* **What to work on**:
Exact wording is required for every entry; transcribe all of them and leave the images out.

[Dataset entries]

▬▬▬▬▬▬▬▬▬▬

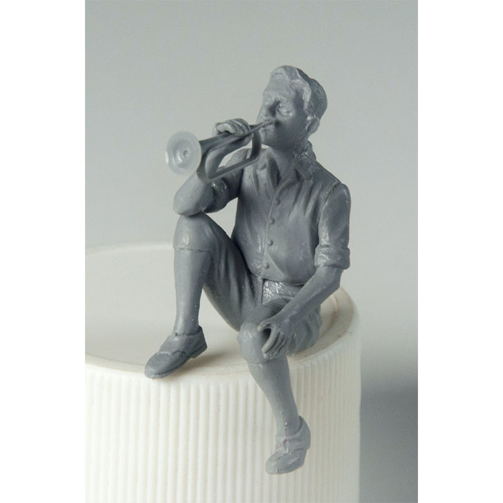 一人はトランペットを持ってそれを自慢気に吹いている様子を再現。続いてくまのぬいぐるみを両手で抱えた少年は半ズボン、半袖シャツで直立したポーズ、さらに、釣竿を持って釣りをしている様子を再現した少年は帽子をかぶって岩に腰掛けたポーズ、そして、静かに本を読む少年に池を覗き込むポーズの少年、さらに、少し年長の少年はバケツと刷毛を持って塗装の手伝いをしているポージング。
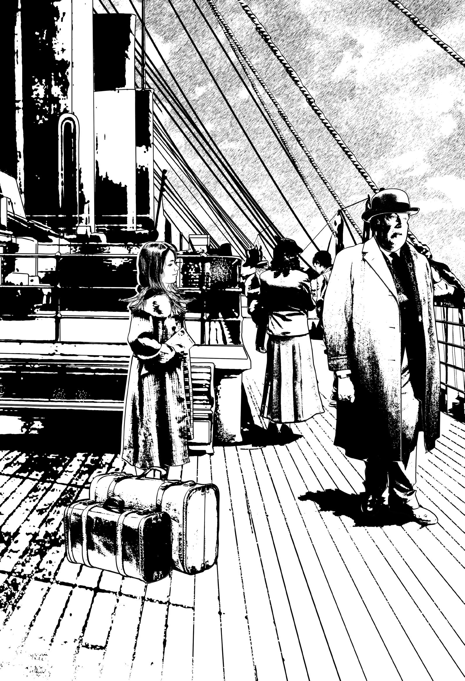 Jag följer den stora gruppen med passagerare som går ombord på fartyget och hamnar på däcket för passagerarna i andra klass. Det är kyligt, men det blåser inte. Luften luktar av salt och jag sicksackar mellan människorna för att ta mig fram till relingen.
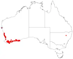 Allocasuarina lehmanniana grows in winter-wet places in near-coastal areas from Jurien Bay to near Albany and east to Ravensthorpe in the Avon Wheatbelt, Carnarvon, Esperance Plains, Geraldton Sandplains, Jarrah Forest, Mallee, Swan Coastal Plain and Warren bioregions of south-western Western Australia.[2][3] Subspecies ecarinata occurs from near Ongerup to east of Esperance in the Esperance Plains and Mallee bioregions[10][9] and subsp. lehmanniana between Jurien Bay to east of Albany in the Avon Wheatbelt, Esperance Plains, Geraldton Sandplains, Jarrah Forest, Mallee, Swan Coastal Plain and Warren bioregions.[13][12]
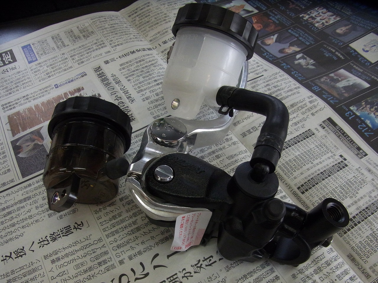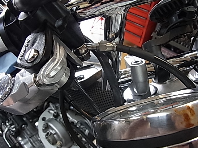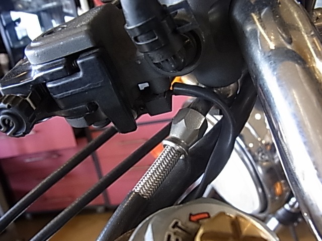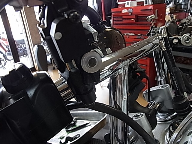 ノーマルマスターシリンダーでもハンドル交換するとホース、パンパン。
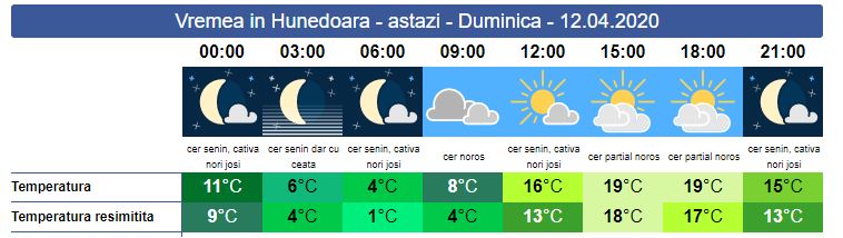 Duminică, vremea se menține caldă, cu unele înnorări. Soarele răsare la ora 06:45. În prima parte a zilei, va fi rece. Meteorologii anunță că pe arii extinse, în zona noastră, se vor înregistra înnorări, apoi treptat cerul va deveni variabil. Vântul va avea și unele intensificări, la fel ca în ziua precedentă. Soarele va apune la ora 20:12. Temperaturile maxime se vor încadra între valorile 16 și 19 grade, iar cele minime între 4 și 8 grade.
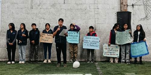 la apertura del programa EDUCCA de la Municipalidad de Cajamarca. Frente a muchos representantes de diferentes instituciones, habló sobre cuidar la Tierra. Su voz llegó al corazón de todos. Nos hizo sentir orgullosos y recordó que los niños, niñas y adolescentes trabajadores organizados protegemos el ambiente cada día.
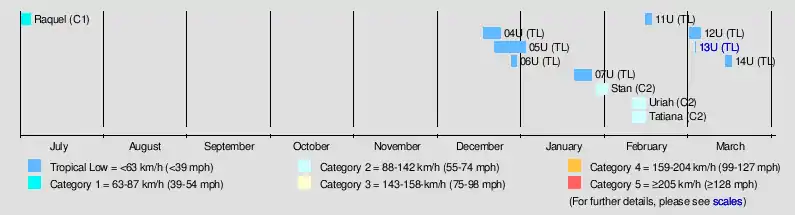 | 11 systems | 17 December – 16 March | 110 km/h (70 mph) | 975 hPa (28.79 inHg) | Minor | 0 | ||||

▬▬▬▬▬▬▬▬▬▬

* **Response below**:
 一人はトランペットを持ってそれを自慢気に吹いている様子を再現。続いてくまのぬいぐるみを両手で抱えた少年は半ズボン、半袖シャツで直立したポーズ、さらに、釣竿を持って釣りをしている様子を再現した少年は帽子をかぶって岩に腰掛けたポーズ、そして、静かに本を読む少年に池を覗き込むポーズの少年、さらに、少し年長の少年はバケツと刷毛を持って塗装の手伝いをしているポージング。
 Jag följer den stora gruppen med passagerare som går ombord på fartyget och hamnar på däcket för passagerarna i andra klass. Det är kyligt, men det blåser inte. Luften luktar av salt och jag sicksackar mellan människorna för att ta mig fram till relingen.
 Allocasuarina lehmanniana grows in winter-wet places in near-coastal areas from Jurien Bay to near Albany and east to Ravensthorpe in the Avon Wheatbelt, Carnarvon, Esperance Plains, Geraldton Sandplains, Jarrah Forest, Mallee, Swan Coastal Plain and Warren bioregions of south-western Western Australia.[2][3] Subspecies ecarinata occurs from near Ongerup to east of Esperance in the Esperance Plains and Mallee bioregions[10][9] and subsp. lehmanniana between Jurien Bay to east of Albany in the Avon Wheatbelt, Esperance Plains, Geraldton Sandplains, Jarrah Forest, Mallee, Swan Coastal Plain and Warren bioregions.[13][12]
 ノーマルマスターシリンダーでもハンドル交換するとホース、パンパン。
 Duminică, vremea se menține caldă, cu unele înnorări. Soarele răsare la ora 06:45. În prima parte a zilei, va fi rece. Meteorologii anunță că pe arii extinse, în zona noastră, se vor înregistra înnorări, apoi treptat cerul va deveni variabil. Vântul va avea și unele intensificări, la fel ca în ziua precedentă. Soarele va apune la ora 20:12. Temperaturile maxime se vor încadra între valorile 16 și 19 grade, iar cele minime între 4 și 8 grade.
 la apertura del programa EDUCCA de la Municipalidad de Cajamarca. Frente a muchos representantes de diferentes instituciones, habló sobre cuidar la Tierra. Su voz llegó al corazón de todos. Nos hizo sentir orgullosos y recordó que los niños, niñas y adolescentes trabajadores organizados protegemos el ambiente cada día.
 | 11 systems | 17 December – 16 March | 110 km/h (70 mph) | 975 hPa (28.79 inHg) | Minor | 0 | ||||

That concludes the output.